In a similar study looking at eagle-vulture relations, Mundy et al. (1986) found that the Black eagle (the African Verreaux's eagle) (Aquila verreauxii Lesson 1830) attacks the nests and young of the Cape Griffon vulture, which shares its principal, mountainous foraging and nesting areas. In some cases, the eagles which nest in pairs would fly into the vulture colony and attack the vultures. Five out of 13 attacks resulted in the removal of a vulture nestling by the attacking eagle. Six attacks were unsuccessful. There were also four attacks by eagles on both Cape vultures and Bearded vultures: these resulted in the death of the former species. The eagle attacks on vulture nestlings and eggs may be seen as predation (Mundy et al. 1986). However, these authors dispute the opinion of Pitman (1960) that the attack on the adult vulture that resulted in its death was predation, because the eagle did not alight on the ground and feed on the vulture. An eagle was once seen eating the nestling of the White-headed vulture, in the nest of the latter, despite the fact that the White-headed vulture (unlike the Cape Griffon Vulture) does not share breeding areas with the eagle.

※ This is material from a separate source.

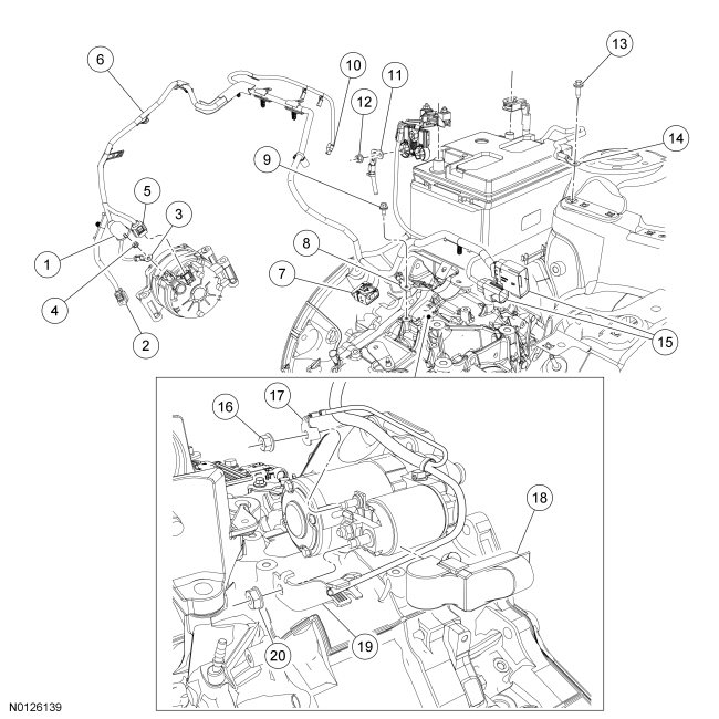 16. Remove the nut and position the battery cable starter motor B+ terminal aside.

The Marabou Stork also has important relations with African vultures. This is a huge bird with a height of 152 cm (60 in) and weighing up to 9 kg (20 lbs) (Likoff 1986; Stevenson and Fanshawe 2001). The wingspan has been disputed, with measurements up to 3.7 m (12 ft) and 4.06 m (13.3 ft) published, but there is no verified measurement over 3.19 m (10.5 ft) with most measurements averaging 225-287 cm (7-9 ft). The large bill measures from 26.4 to 35 cm. Females are smaller than males (Hancock et al. 1992).

Marabou storks may wait until the large vultures have opened a kill before they start feeding, but they may also be dominant over vultures, ranking with the Lappet-faced vulture as the most dominant bird at the carcass (Hancock et al. 1992; Cheney 2010).

In Africa, kites and crows are common facultative scavengers that interact with vultures. One study compared the Hooded vulture's foraging and competition with those of the Pied Crow (Corvus albus Statius Muller 1776) and the Black Kite (Milvus migrans Boddaert 1783), classified by some as the Yellow-billed Kite (Milvus aegyptius Gmelin 1788), subspecies Milvus aegyptius parasitus) (Campbell 2009). The findings of this study indicated strong competition between vultures, kites and crows in urban settings, centred around meat and waste production, and human presence.

Vultures competed with crows for meat from butchers' tables in abattoirs. In meat production areas, the vultures were more numerous than the crows or kites, but were less mobile, and tended to fly overhead or perch and stand more often while the crows entered windows and doors. Crows and vultures had similar flight distances of about 2 m (the distance between an approaching human and a bird before the bird takes flight). Vultures, crows and to a lesser extent kites competed in observational perching spots, space for hovering and close soaring and ground forays for snatching of human discards or refuse. Conflicts between birds erupted when people discarded meal remnants, garbage or unwanted trade items.

Both vultures and crows, but not kites, gathered in areas of human communal eating, but unlike the meat production areas, crows outnumbered vultures and were faster when snatching deliberately thrown food. Unlike vultures, crows were more adept at foraging in gutters, on sidewalks, public toilets, under vehicles, house windows and old clothing. In these locations, flight distances were longer than in the meat and waste production areas.

In rural areas, all three species were correlated with human presence, especially farm clearance work, bush fires and tractor ploughing. Vultures, crows and kites perched in branches, the ground or circled overhead. The flight distances were much longer than in urban areas, on average about 9 m, but where there was food crows and to a lesser extent vultures approached to within 1-2 of people. For the vultures and the rarer kites, feeding was largely on animals killed by farm clearers (mostly monitor lizards, rats and snakes), while crows took such food and also human discards, crop residues and insects on the ground and in flight (Campbell 2009).